SUGGESTED CITATION  Ziebritzki, Catharina: Humanitäre Visa für Flüchtlinge, Teil 2: wirklich keine Angelegenheit der EU?, VerfBlog, 2017/3/09, https://verfassungsblog.de/humanitaere-visa-fuer-fluechtlinge-teil-2-wirklich-keine-angelegenheit-der-eu/, DOI: 10.17176/20170310-101622.

3 Comments

  1. Abzuschaffender Fri 10 Mar 2017 at 04:19 - Reply

    Ich lasse mir keine moralische Mitschuld am bedauernswerten Tod von Menschen aufdrücken, die sich bei dem Versuch illegal in die EU einzureisen, selbst in höchste Gefahr bringen.

    Eine moralische Schuld lastet auf genau den Akteuren, die diesen Menschen Hoffnungen auf eine unbegrenzte und unbedingte Aufnahme in der EU machen.

    Viele diese Menschen kommen aus relativer Sicherheit, wie beispielsweise jene Familie Kurdi, deren Schicksal die moralische Bühne für die sogenannte “Flüchtlingskrise” bereitet hat.
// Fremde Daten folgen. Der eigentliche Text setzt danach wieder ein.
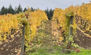 Wintering wine is what it looks like with the grapes gone to juice. Wine country in Oregon’s Willamette Valley at ground level where the fruit had been. The turning leaves paint a splash of color across the hillsides this time of year. What’s it remind you of?
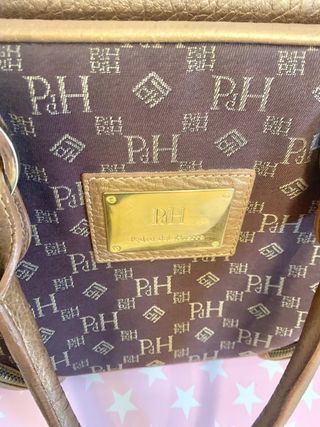 Elegante bolso de mano con el distintivo estampado de la marca. - Diseño con monograma PDH. - Placa metálica dorada con el logo. - Cierre de cremallera. - Ribetes y asa en piel marrón.
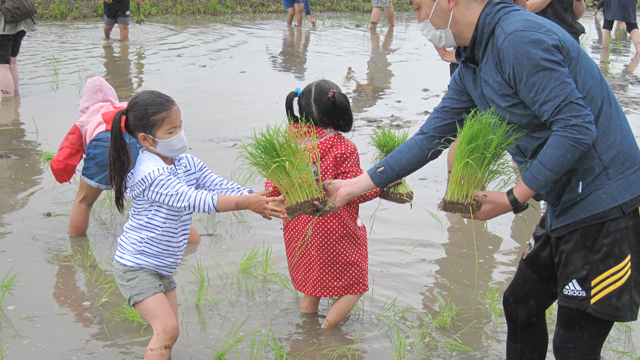 雨のため、乗用田植え機での田植え体験は出来ませんでしたが、皆さんが頑張って植え付けた苗が生育し黄金色に実りましたら、皆さんと刈り取りを楽しみたいですね(コロナの感染拡大状況によりますが)。秋空の下で、額に汗しての稲刈りも楽しいですよ!
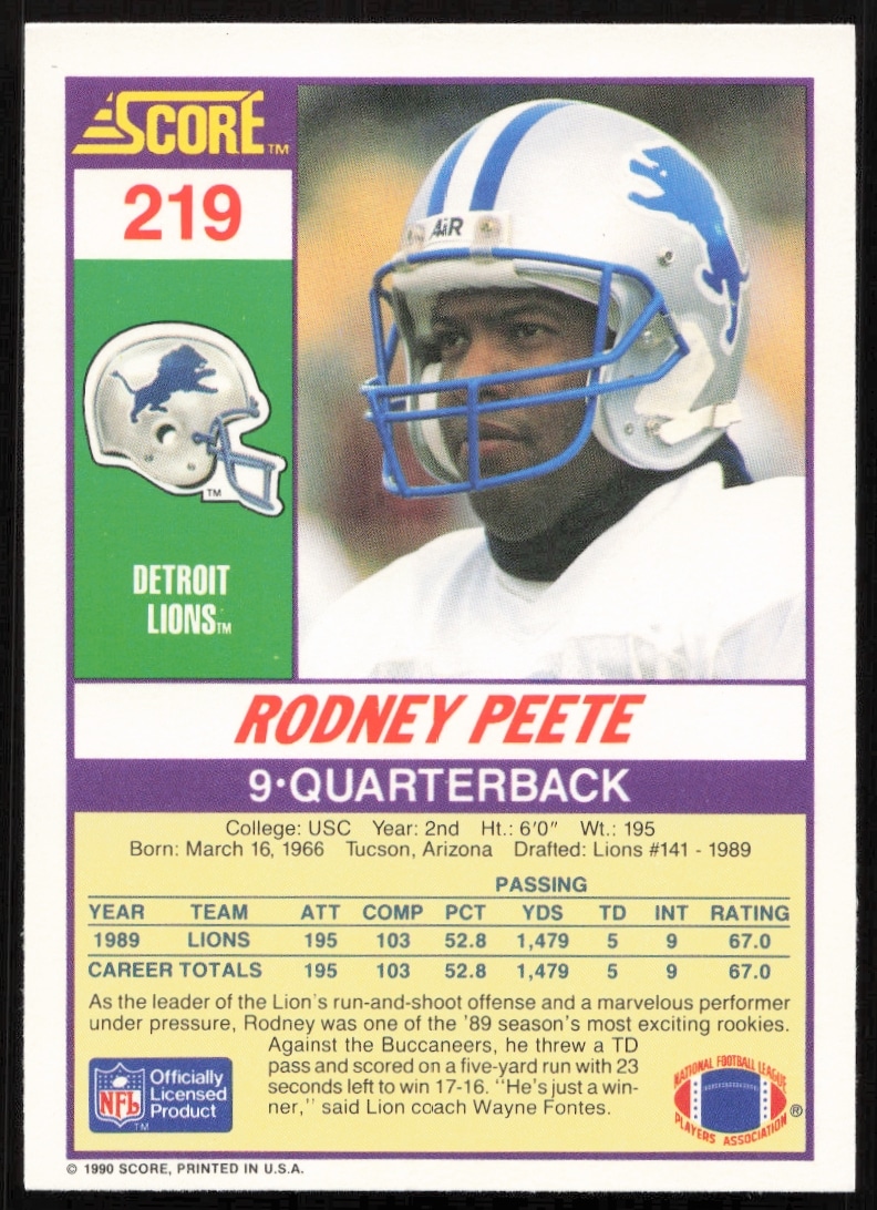This Football card, from 1990 is part of the Score card set. Rodney Peete is featured and has a card number of 219.
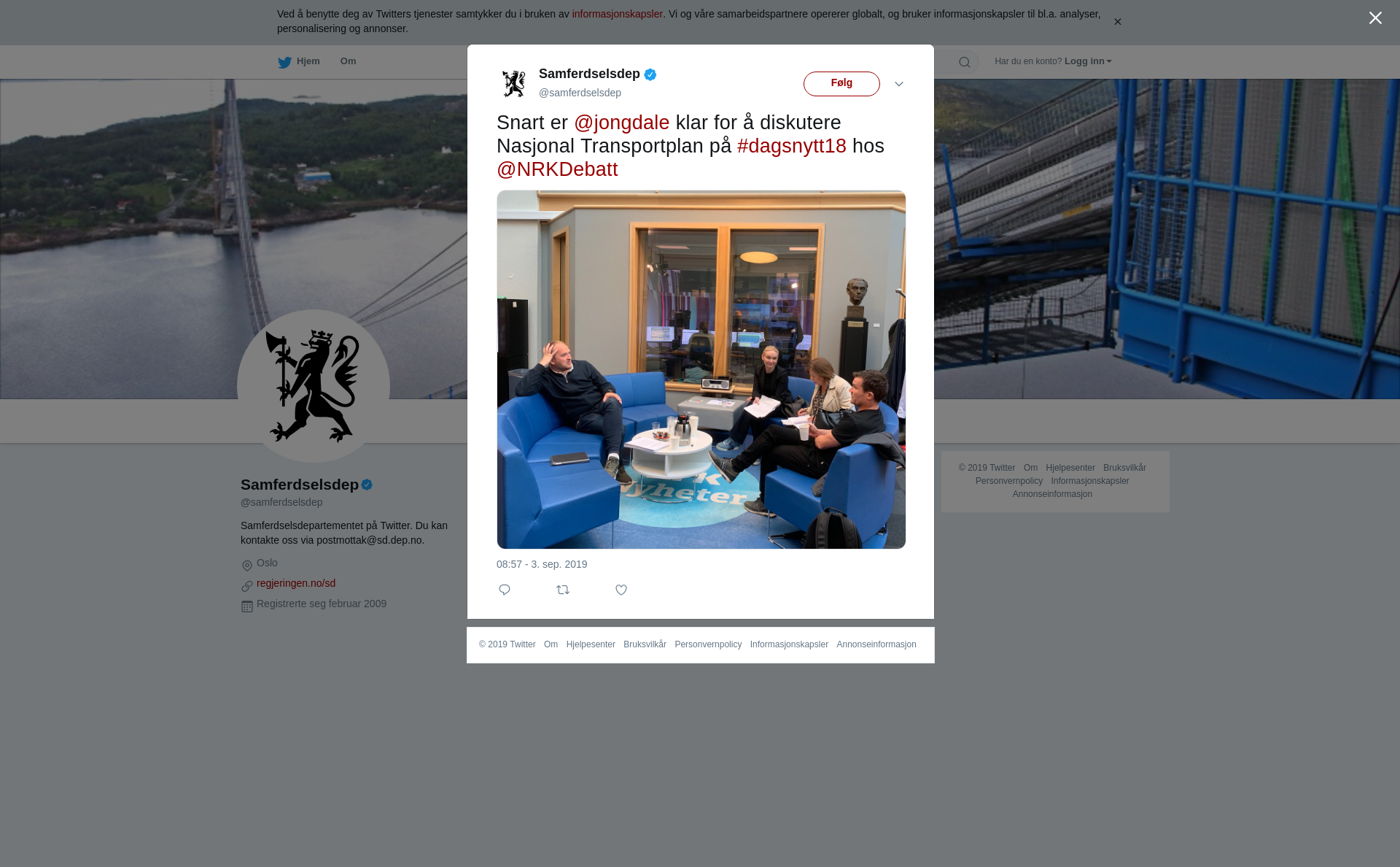 Snart er @jongdale klar for å diskutere Nasjonal Transportplan på #dagsnytt18 hos @NRKDebatt https://t.co/lBuFisBD4B
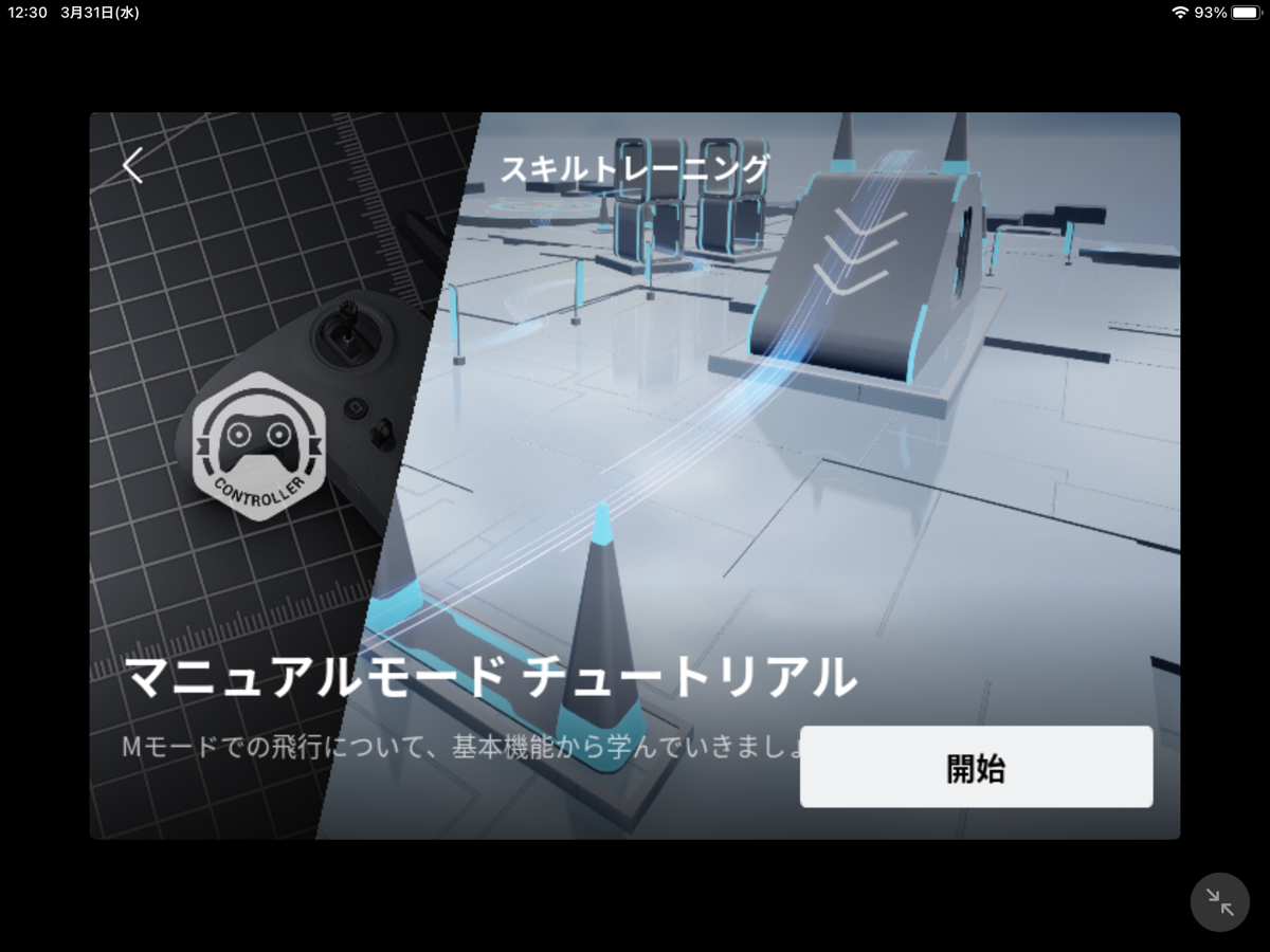 「スキルトレーニング」では、アクロバット飛行に欠かせないMモード(マニュアルモード)の練習ができます。Mモードでの操作になるため、スキルトレーニングでは機体付属のスティックのついた送信機を使うのがおすすめです。
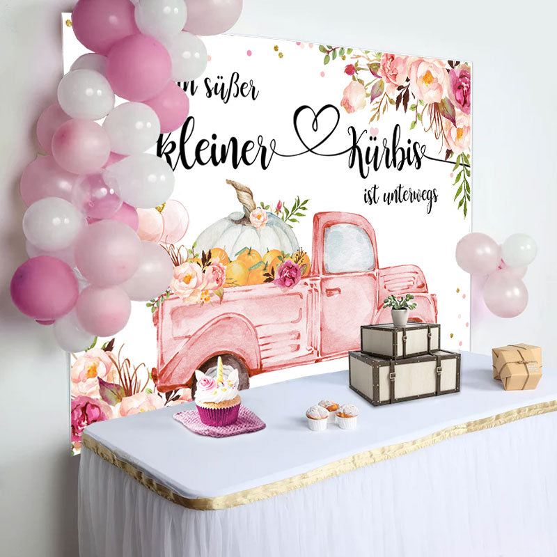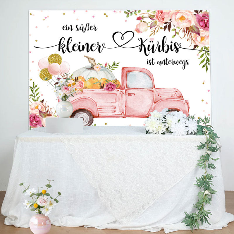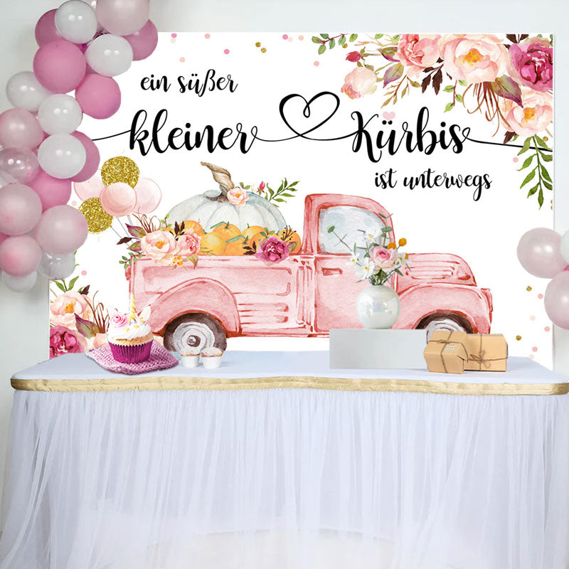 Blumen Rosa Auto Kürbis Baby Dusche Hintergrund

Die hatten in Istanbul ein Dach über dem Kopf und der Vater hatte Arbeit. Erst _nachdem_ das BAMF das Dublin-Verfahren gekippt hat, machten sich diese Familie auf den tödlichen Weg, den sie nun als frei erachtete.

    Die Toten im Mittelmeer wird es genau dann nicht mehr geben, wenn ausnahmslos jeder, der illegal einzureisen versucht, zurückgeschickt wird.

    Im übrigen bitte ich sich einmal vorzustellen, wie lange die Schlangen vor den Botschaften und Konsulaten weltweit währen, hätte es ein gegenläufiges Urteil gegeben.

    Es gibt keine moralische Verpflichtung zur Selbstzerstörung Europas – selbst die EU wird das nicht schaffen.

  2. Maria Sun 12 Mar 2017 at 09:36 - Reply

    @Abzus…
    Über Menschen wie Sie sagte Karl Marx sagte einst treffend:
    „In Deutschland bildet das Kleinbürgertum die eigentliche Grundlage der bestehenden Zustände.“

  3. Abzuschaffender Sun 12 Mar 2017 at 19:00 - Reply

    Über Menschen wie Sie hat Karl Marx treffend nichts gesagt.